• supramolecular chirality
• organic optoelectronics
• OLED
• electronic circular dichroism
• circularly polarized luminescence
• π-conjugated oligomers

Chirality is gaining large interest in organic optoelectronics: first, it is a valid tool for controlling the supramolecular order of π-conjugated systems constituting the active layer of devices; secondly, it opens the way to innovative technological applications, like detecting or producing circularly polarized (CP) light. A current research goal is to obtain thin films of organic semiconductors with high discrimination of CP-light in absorption (electronic circular dichroism, ECD) or emission (circularly polarized luminescence, CPL). Chiral supramolecular architectures of π-conjugated systems could be the key to achieve this goal.

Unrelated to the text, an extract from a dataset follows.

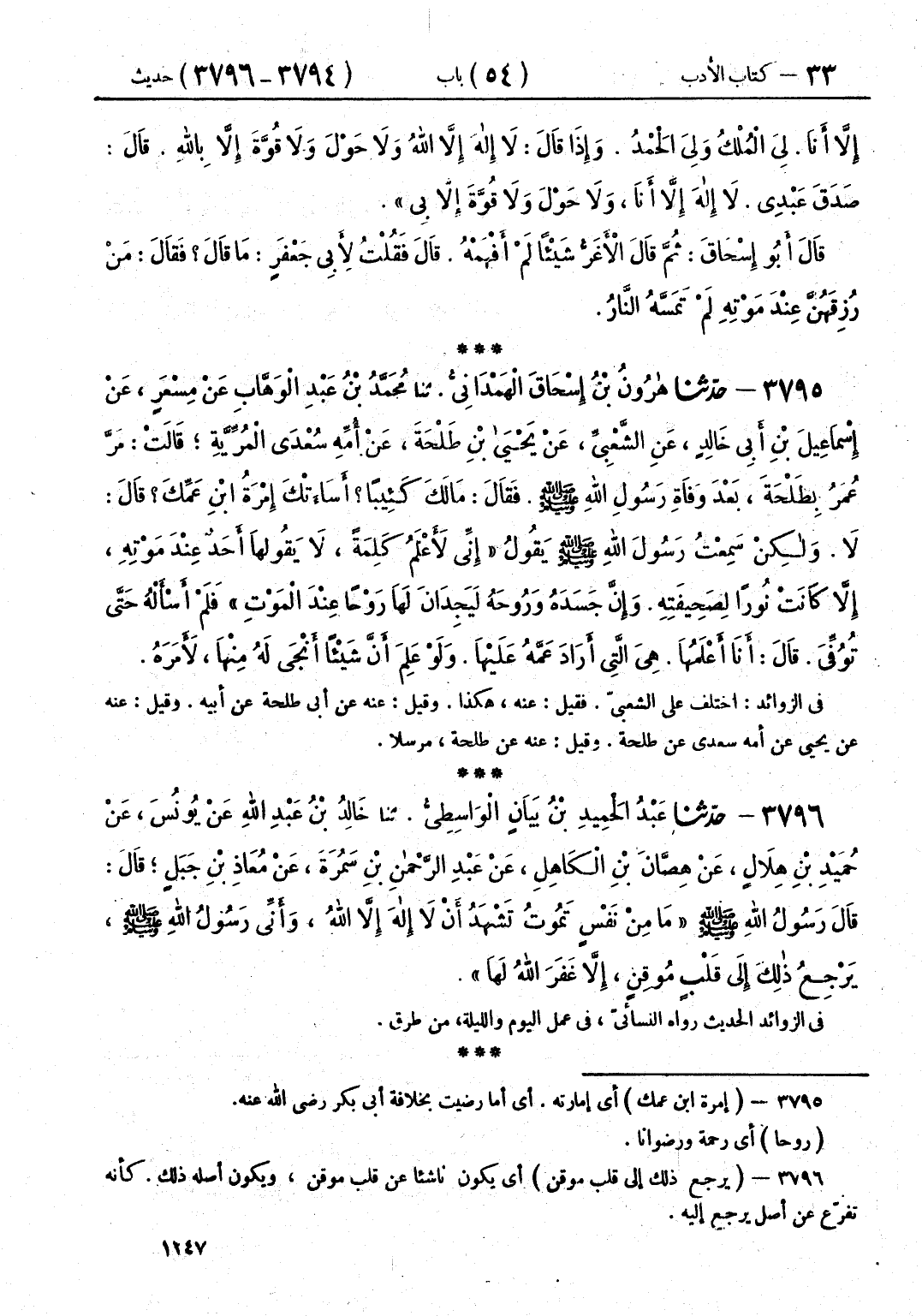 3795 - حَدَّثَنَا هَارُونُ بْنُ إِسْحَاقَ الْهَمْدَانِيُّ قَالَ: حَدَّثَنَا مُحَمَّدُ بْنُ عَبْدِ الْوَهَّابِ، عَنْ مِسْعَرٍ، عَنْ إِسْمَاعِيلَ بْنِ أَبِي خَالِدٍ، عَنِ الشَّعْبِيِّ، عَنْ يَحْيَى بْنِ طَلْحَةَ، عَنْ أُمِّهِ سُعْدَى الْمُرِّيَّةِ قَالَتْ: مَرَّ عُمَرُ بِطَلْحَةَ بَعْدَ وَفَاةِ رَسُولِ اللَّهِ صَلَّى اللهُ عَلَيْهِ وَسَلَّمَ، فَقَالَ: مَا لَكَ كَئِيبًا؟ أَسَاءَتْكَ إِمْرَةُ ابْنِ عَمِّكَ؟ قَالَ: لَا، وَلَكِنْ سَمِعْتُ رَسُولَ اللَّهِ صَلَّى اللهُ عَلَيْهِ وَسَلَّمَ يَقُولُ: «§إِنِّي لَأَعْلَمُ كَلِمَةً لَا يَقُولُهَا أَحَدٌ عِنْدَ مَوْتِهِ إِلَّا كَانَتْ نُورًا لِصَحِيفَتِهِ، وَإِنَّ جَسَدَهُ وَرُوحَهُ لَيَجِدَانِ لَهَا رَوْحًا عِنْدَ الْمَوْتِ» . فَلَمْ أَسْأَلْهُ حَتَّى تُوُفِّيَ، قَالَ: أَنَا أَعْلَمُهَا، هِيَ الَّتِي أَرَادَ عَمَّهُ عَلَيْهَا، وَلَوْ عَلِمَ أَنَّ شَيْئًا أَنْجَى لَهُ مِنْهَا، لَأَمَرَهُ "

In the present doctoral work, we developed a family of novel chiral π-conjugated oligomers functionalized with inexpensive alkyl chiral groups from natural sources, studying their ECD and CPL features in thin films. Since special care should be taken, in order to avoid the occurrence of false signals, here we provided practical tools for recognizing, quantifying and possible separating the main contributions of experimental ECD and CPL spectra. Although in general we observed a manifold of situations, thus revealing the central role of different local supramolecular structures (whose formation is strictly related to chemical structure, deposition technique and post-deposition operations), in some cases we discovered outstanding chiroptical features. Encouraged by promising results, for some of them we finally explored the application as active layers in circularly polarized organic light-emitting diode (CP-OLED) devices.